Q: It is sometimes difficult, when we talk about culture and heritage, to demonstrate the economic interest that these themes have for society, in addition to the identity aspect. As far as Switzerland is concerned, what direct or indirect economic spin-offs have you been able to observe and/or expect?
A: We have observed the emergence of entrepreneurial opportunities around the agricultural knowledge, the breeding and the traditional food production that seemed condemned to extinction by the laws of the economy. Instead, the values of tradition, the authenticity, the tie with the territory have created new market opportunities for people who wants to maintain traditions, and consumers are disposed to reward these products with greater prices compared to the industrial products. This process allows to cover the greater costs and remunerate fairly the job of farmers and craftspeople, generating economic development and job opportunities for the young people that therefore have the possibility to remain in their places of origin.
Q: AlpFoodway was promoted by the European Commission as part of the European Year of Cultural Heritage 2018 (EYCH). What does this mean for your project and for your partners?
A: First of all, it is a great honour to have been selected by the European Commission as a beacon project for the European Year of Cultural Heritage. This demonstrates that our topic, namely the sustainable economic development of peripheral areas based on the valorisation of the immaterial cultural heritage is of great interest and confirms our innovative approach. Moreover, it is giving great visibility and innumerable opportunities to introduce our work well beyond the alpine borders, giving a concrete contribution to the international debate on this topic.
Q: At the beginning of the project, one of the objectives for the sustainability of the Alps’ culinary heritage was to register it with UNESCO as an intangible global heritage. How do you plan to do this and what aspects exactly would you register? Working methods? Individual dishes?
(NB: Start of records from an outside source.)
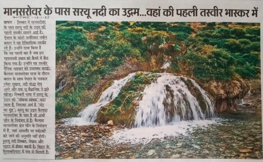 Report This report claims that this is first ever photo of origin of the Saryu River (a tributary of Ganga), near Kailash Mansarovar in Tibet. In Tibetan language this place’s name means mouth of Peacock. (Dainik Bhaskar 13 Jan. 2025)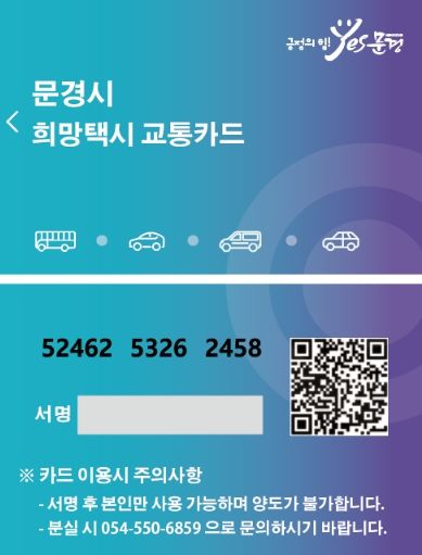 문경시 관계자는 “앞으로 희망택시 이용 시 NFC카드를 꼭 소지하고 탑승하시길 바라며, 대중교통 소외 주민들이 희망택시를 좀 더 공평하고 편리하게 이용할 수 있도록 최선을 다하겠다”고 밝혔다.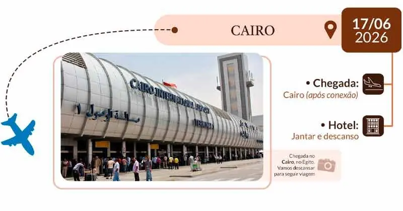 2º DIA – CAIRO: Chegada ao aeroporto, recepção e traslado até o hotel para pernoite.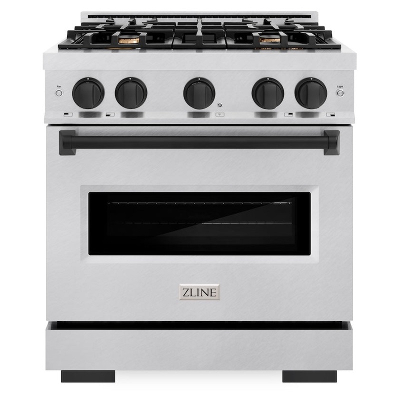 Luxury isnt meant to be left desiredits meant to be attainable. The ZLINE Autograph Edition 30 in. 4.2 cu. ft. Classic Dual Fuel Range with 4 Burner Gas Cooktop and Electric Convection Oven in Satin Stainless Steel with Matte Black Accents (CDRSZ-30-MB) combines the elegance of a hand-finished porcelain gas cooktop with 4 Italian-made auto-reignition burners, an electric convection oven with an energy-efficient cooling fan to ensure quiet operation, a Landscape oven door window design, and stunning matte black knobs and handle allowing you to master every meal. With a modern, timeless style and refined functionality, ZLINE Classic Dual Fuel Ranges are masterfully crafted to deliver an elevated culinary experience.

Local produce?
A: When we talk about immaterial cultural heritage we refer to the culinary traditions, the eating rituals, the agricultural practices and knowledge, the recipes that the local communities hand on from generation to generation, innovating them.
Through the research work carried out in AlpFoodway it has been possible to identify the common denominator of the Alpine food culture: it is formed by the traditional values that are the basis of food production: Let’s think about the common use of goods and services, the mutual aid, the care for the territory and the respect of the natural balances, the sobriety and the heritage. Traditional values that are however also very contemporary!
Based on these values shared in the whole Alpine Arc we have begun to create an inventory of this heritage, involving the local communities in our research activities.
Through this participatory work, it is also possible to raise awareness in the local community as well as in the institutions and the citizens of the immense value of this heritage as well as the risk of its disappearance forever and the great potential for a sustainable territorial development in the peripheral areas.
The awareness of the common values linked to the cultural heritage, as well as the heritage inventory are the basic elements to start the process of multinational candidacy of the Alpine Alimentary Culture as UNESCO (United Nations Educational, Scientific and Cultural Organization) Intangible Heritage. This type of candidacy in fact must come from the bottom up, from the local communities: AlpFoodway makes a common alpine identity emerge and establishes a network among the different cultures.
I must say that the interest of the communities and the institutions that we are gradually involving is indeed large and motivates us to continue in this direction, also involving UNESCO Commissions of various alpine countries and UNESCO itself. An important occasion in order to discuss this will be our Mid-Term Conference which will take place in Innsbruck on 4 October.